Your income statement might be the most relevant document to consider when gauging the health of your business, the efficacy of the sales strategies you're employing, and the state of your company's future. That's why it's vital to understand the items that come up on one, what they mean, and how to find and record them.
Sales returns and allowances account for one of the most important categories you'll find on an income statement. They're integral in tracking the quality of your product, consumers' satisfaction with your business, and the profitability of your sales efforts.
Here, you'll get a picture of what those terms mean, what those figures are used for, and how to record them on your income statement.

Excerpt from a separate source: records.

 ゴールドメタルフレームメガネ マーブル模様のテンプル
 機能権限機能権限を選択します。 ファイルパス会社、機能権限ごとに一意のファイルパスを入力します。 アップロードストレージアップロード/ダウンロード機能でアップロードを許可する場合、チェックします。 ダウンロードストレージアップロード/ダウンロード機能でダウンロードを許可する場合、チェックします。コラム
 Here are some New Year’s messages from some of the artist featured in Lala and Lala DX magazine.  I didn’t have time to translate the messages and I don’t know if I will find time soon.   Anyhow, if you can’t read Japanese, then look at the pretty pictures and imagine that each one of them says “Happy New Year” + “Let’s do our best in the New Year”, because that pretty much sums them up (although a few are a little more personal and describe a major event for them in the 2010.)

What are sales returns and allowances?
A sales return occurs when a buyer sends a product back to a seller for a partial or full refund. An allowance is a retroactive discount a customer receives when they contact a company about a minor but noticeable defect with its product. Both are subtracted from a company's gross sales to calculate net sales.
Understanding your sales returns and allowances and how to find them rests on your understanding of a couple of terms. The first term is debit, meaning an addition to an expense or asset account or a decrease to a liability or equity account. In the context of returns and allowances, it means expanding your returns and allowances account.

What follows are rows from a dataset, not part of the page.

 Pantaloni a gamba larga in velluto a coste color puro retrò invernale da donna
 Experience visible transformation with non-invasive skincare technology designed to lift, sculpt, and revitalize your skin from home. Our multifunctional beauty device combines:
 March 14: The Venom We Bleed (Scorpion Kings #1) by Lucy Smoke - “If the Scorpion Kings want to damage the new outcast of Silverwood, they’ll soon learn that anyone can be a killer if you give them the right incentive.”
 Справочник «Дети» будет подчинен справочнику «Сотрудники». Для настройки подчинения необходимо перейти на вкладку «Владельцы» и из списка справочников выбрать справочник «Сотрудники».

The opposite of debiting is crediting, which entails increasing a liability or equity account or decreasing an asset or expense account. In this context, it means increasing your cash or accounts receivable figures — depending on whether the buyer in question paid with cash or credit.

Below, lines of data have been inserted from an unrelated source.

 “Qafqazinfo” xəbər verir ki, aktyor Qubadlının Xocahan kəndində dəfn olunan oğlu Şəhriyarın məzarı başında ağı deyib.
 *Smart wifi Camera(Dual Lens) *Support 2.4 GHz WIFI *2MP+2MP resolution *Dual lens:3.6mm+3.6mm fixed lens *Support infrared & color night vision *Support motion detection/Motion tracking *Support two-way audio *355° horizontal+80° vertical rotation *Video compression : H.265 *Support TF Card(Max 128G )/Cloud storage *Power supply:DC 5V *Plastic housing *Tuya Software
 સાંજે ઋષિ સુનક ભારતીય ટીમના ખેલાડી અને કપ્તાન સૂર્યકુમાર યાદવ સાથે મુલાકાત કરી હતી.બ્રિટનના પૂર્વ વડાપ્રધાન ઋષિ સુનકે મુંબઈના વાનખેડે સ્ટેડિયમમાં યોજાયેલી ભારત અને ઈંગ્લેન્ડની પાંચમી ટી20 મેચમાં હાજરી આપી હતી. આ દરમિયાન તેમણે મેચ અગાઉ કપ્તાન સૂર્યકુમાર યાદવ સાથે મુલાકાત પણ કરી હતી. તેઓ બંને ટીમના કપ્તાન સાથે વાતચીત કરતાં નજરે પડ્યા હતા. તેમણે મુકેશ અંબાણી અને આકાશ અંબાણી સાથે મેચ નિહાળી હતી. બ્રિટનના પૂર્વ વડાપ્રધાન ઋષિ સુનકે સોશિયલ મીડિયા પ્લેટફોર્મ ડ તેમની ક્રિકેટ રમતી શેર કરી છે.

With those terms in mind here's a picture of how to record sales returns and allowances.
How to Record Sales Returns and Allowances
Recording Sales Returns
Recording a sales return means reversing both the revenue recorded at the beginning of a sale and the associated cost of costs of goods sold.
To reverse the return's related revenue, you have to debit your sales returns and allowances account by the amount of revenue generated by the original sale. Then, you have to credit your accounts receivable or cash account by the same figure.
For instance, let's say there's a company that manufactures automatic electric hard-boiled egg-making machines. A buyer saw the product and thought it looked like a UFO — which seemed like the coolest thing ever at the time.
They bought one on the spot for $250 with their credit card, but they were so caught up in the hysteria brought on by the product's next-level spaceship design that they forgot they were allergic to eggs. Upon receiving the machine and realizing how outrageously impractical their impulse buy was, they sent it back.
Once the company received the return and verified that the buyer sent it back within a timeframe that was in keeping with its return policy. It would send the consumer their money back. Then, the company's accountant would debit its return and allowances account $250 and credit $250 to its accounts receivable.
Recording Sales Allowances
Accounting for a sales allowance is fundamentally similar to accounting for a sales return.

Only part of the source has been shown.